Start at the line with "The detector detects if 2" in the records below, stop at the line with "Уютная квартира-студия в", and return every line in that span exactly, the two end lines included.

### The input:
####
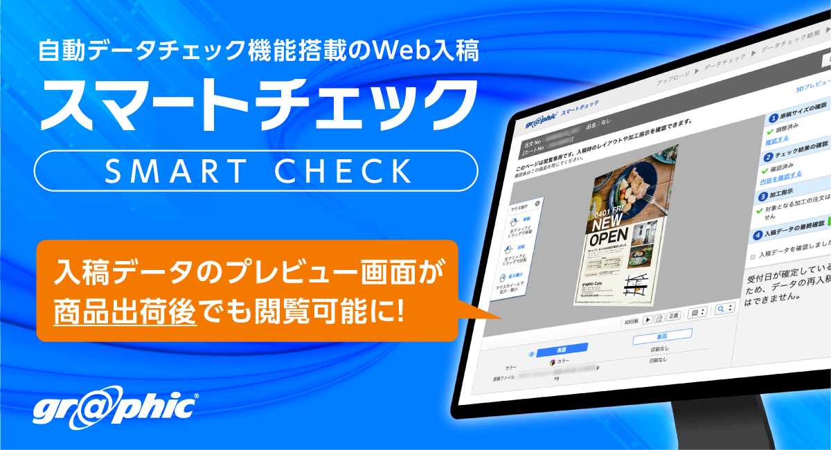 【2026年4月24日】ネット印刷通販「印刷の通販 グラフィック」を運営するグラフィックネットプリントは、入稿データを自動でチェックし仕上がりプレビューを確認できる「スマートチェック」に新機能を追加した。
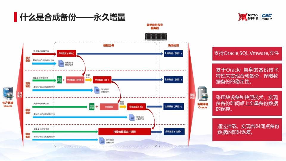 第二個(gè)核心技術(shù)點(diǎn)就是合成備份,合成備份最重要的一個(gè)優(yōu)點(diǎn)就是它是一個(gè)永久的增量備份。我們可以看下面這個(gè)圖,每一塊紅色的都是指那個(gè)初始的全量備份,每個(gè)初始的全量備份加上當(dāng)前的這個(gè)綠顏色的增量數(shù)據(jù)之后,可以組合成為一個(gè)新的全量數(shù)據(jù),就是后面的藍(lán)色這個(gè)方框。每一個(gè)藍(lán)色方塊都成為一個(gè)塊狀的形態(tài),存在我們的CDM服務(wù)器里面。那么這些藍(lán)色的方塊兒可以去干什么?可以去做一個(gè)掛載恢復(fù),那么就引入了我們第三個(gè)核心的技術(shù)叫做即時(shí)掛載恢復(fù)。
####
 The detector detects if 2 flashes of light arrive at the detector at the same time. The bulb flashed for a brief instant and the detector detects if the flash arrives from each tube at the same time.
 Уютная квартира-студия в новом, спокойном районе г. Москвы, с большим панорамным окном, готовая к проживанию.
####
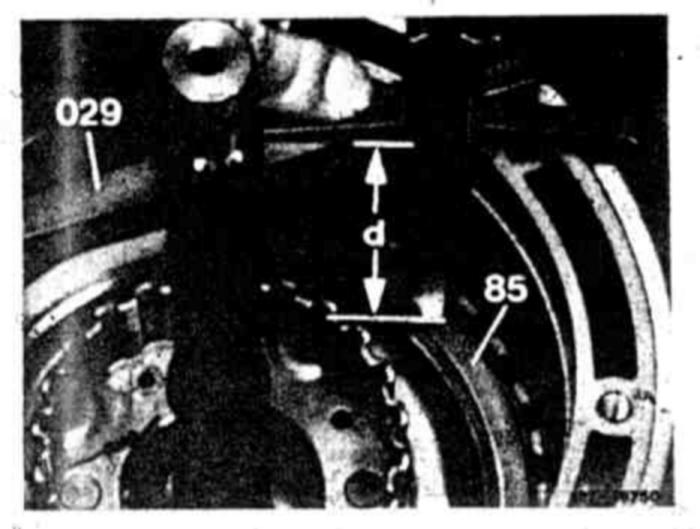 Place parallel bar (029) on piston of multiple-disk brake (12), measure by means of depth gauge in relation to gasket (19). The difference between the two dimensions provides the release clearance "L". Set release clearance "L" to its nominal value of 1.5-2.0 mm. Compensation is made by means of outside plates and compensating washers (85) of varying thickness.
####
### Task solution:
 The detector detects if 2 flashes of light arrive at the detector at the same time. The bulb flashed for a brief instant and the detector detects if the flash arrives from each tube at the same time.
 Уютная квартира-студия в новом, спокойном районе г. Москвы, с большим панорамным окном, готовая к проживанию.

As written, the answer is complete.